Note: Enriched GO Count: the number of genes that fall on term; P-Value: statistical P-value of enrichment.

Figure 5.

Figure 5

A. miRNA target gene GO enrichment results. We found 847 GO enrichment functions. The abscissa is the enriched GO and the ordinate is the number and ratio of the target genes. Different colors represent different GO categories: molecular function (green), biological process (red), and cellular component (blue). B. Histogram of core genes in target genes. The number of connections between a coordinate gene and other genes, the coordinate is the gene name, and height represents the number of gene connections.

Table 6.

The top 10 results of MiRNA predicts target gene KEGG enrichment

Pathway ID Description P-value Number of DERNAs
hsa05200 Pathways in cancer 7.57E-44 121
hsa05205 Proteoglycans in cancer 5.78E-34 78
hsa04151 PI3K-Akt signaling pathway 1.29E-32 96
hsa04144 Endocytosis 2.85E-32 84
hsa04010 MAPK signaling pathway 4.32E-32 83
hsa05206 MicroRNAs in cancer 1.03E-28 84
hsa04014 Ras signaling pathway 1.09E-26 71
hsa04722 Neurotrophin signaling pathway 2.01E-24 51
hsa04068 FoxO signaling pathway 3.73E-24 53
hsa05161 Hepatitis B 1.79E-23 54

Note: P-value: statistical p value of enrichment; Number of DERNAS: differential gene number.

SNP analysis

We downloaded the data based on Chinese SLE patients from the SLE related literature (15), including 490 SLE samples and 493 normal samples.

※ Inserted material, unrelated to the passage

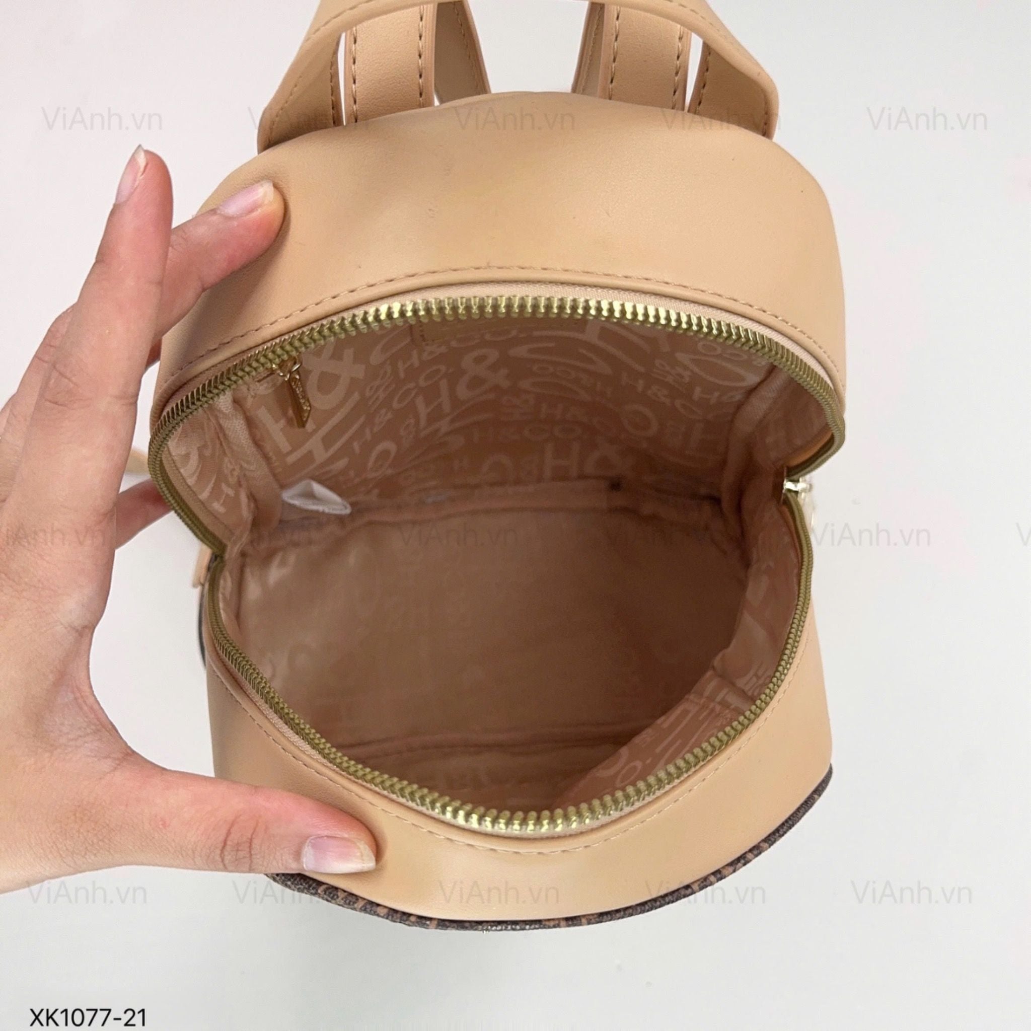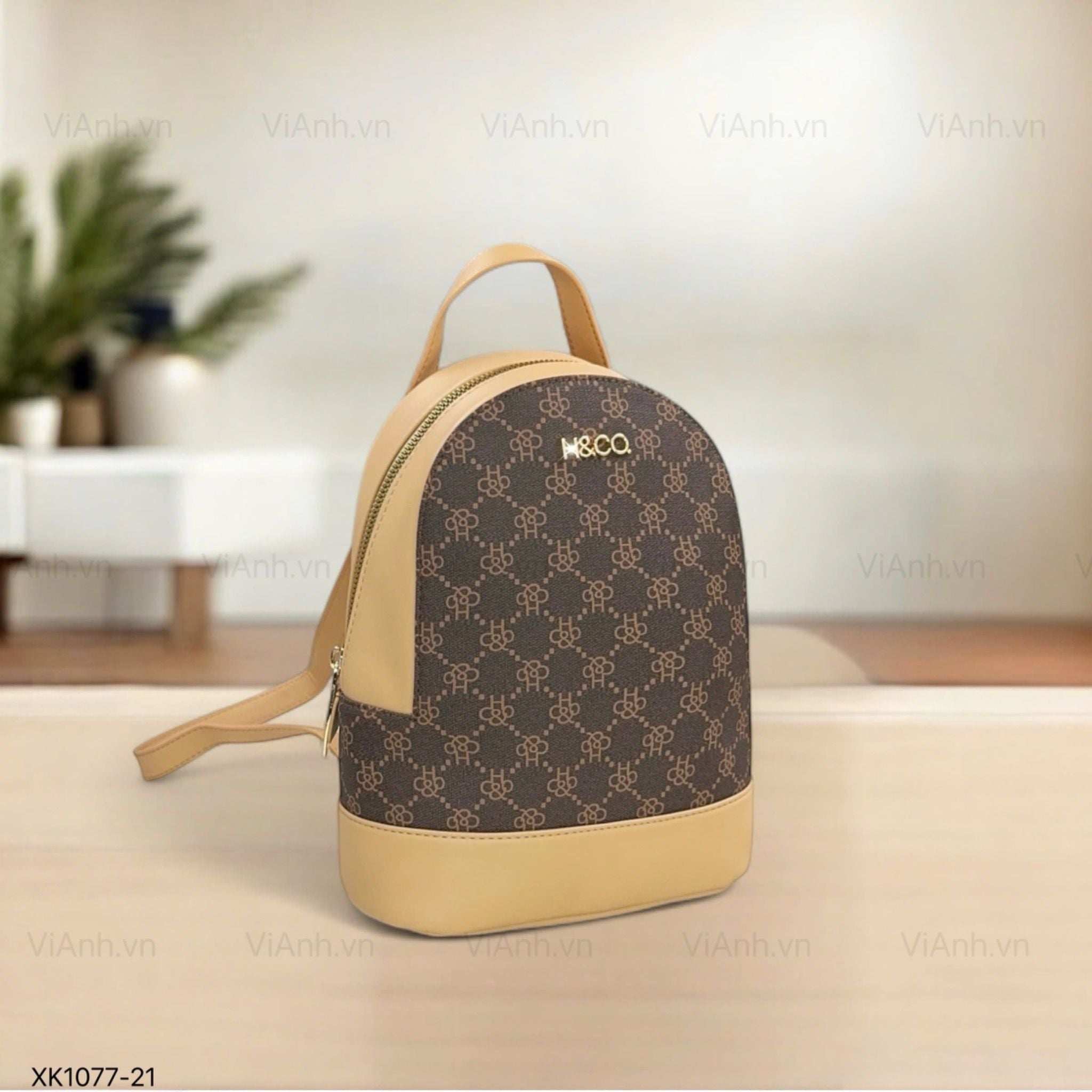 Balo mini HC K77 da vân hoạ tiết chữ / 20x25 / NÂU

The data were processed, and P < 0.05 was selected in the GWAS analysis. Through ANNOVAR software to annotate the SNPs associated with SLE, we selected the UTR5, exonic, and UTR3 sites from the annotation results (Top 10 exonic sites as shown in Table 7). We obtained 31, 199, and 128 results, respectively. These were associated with SLE and located on the gene UTR5, exons, and UTR3, which may be significantly associated with SLE. The 199 genes were located on the exons of 169 genes, the 31 genes were located in the UTR5 of 30 genes. The 94 genes were located in the UTR3 of 128 genes. Finally, the intersection between SNPs and cDNA chip genes yielded the MX1 gene.

Table 7.

Characteristics of SNP loci located in the top 10 exon regions of genes

Chr Start End RNP ID Allele1 Allele2 P-value Odds ratio 95% CI Func.refgene Gene.refgene
6 138196065 138196066 rs2230926 G T 7.82E-08 2.67 1.84-3.86 exonic TNFAIP3
6 32609103 32609104 rs9272689 G A 2.51E-05 1.47 1.23-1.76 exonic HLA-DQA1
6 35260529 35260530 rs1557568 C T 6.45E-05 1.46 1.21-1.75 exonic ZNF76
10 50025395 50025396 rs7097397 G A 1.37E-04 1.43 1.19-1.72 exonic WDFY4
11 10715123 10715124 rs10770136 T C 6.35E-04 0.61 0.46-0.81 exonic MRVI1
2 103011083 103011084 rs12619169 A G 7.18E-04 3.6 1.63-7.93 exonic IL18R1
8 57078932 57078933 rs35883156 T G 7.82E-04 0.53 0.36-0.77 exonic PLAG1
1 114515716 114515717 rs2358996 A G 9.70E-04 0.74 0.62-0.89 exonic HIPK1
6 32609285 32609286 rs1048087 T C 1.16E-03 0.75 0.62-0.89 exonic HLA-DQA1
19 47258841 47258842 rs2287717 T C 1.91E-03 0.62 0.45-0.84 exonic FKRP

Note: Chr: chromosome; Rs: P-value: GWAS statistical significance; Func.refgene: Relative gene location; Gene. refgene: gene.

Discussion

SLE is an inflammatory disease involving multiple organs that has a genetic component. The male to female ratio is approximately 1:9 [21]. Differentially expressed genes have been characterized for SLE [22], and while they play an important role, the cause of the differential expression is unclear. Bioinformatics analysis can provide the basis for genetic variations in the expression levels in order to understand these causes. A total of 18 differentially expressed genes, corresponding to 50 methylation sites, and 199 disease-related SNP loci located on exons, were identified. From these results, two genes may be associated with methylation, two genes may be regulated by miRNA, and one differentially expressed gene may be related to SNPs. This study is the first systematic analysis based on bioinformatics for SLE morbidity key gene research. It provides evidence and information for clinical research and subsequent experiments. It also makes greater use of existing data, which will permit the identification of more reliable peripheral blood biomarkers in SLE.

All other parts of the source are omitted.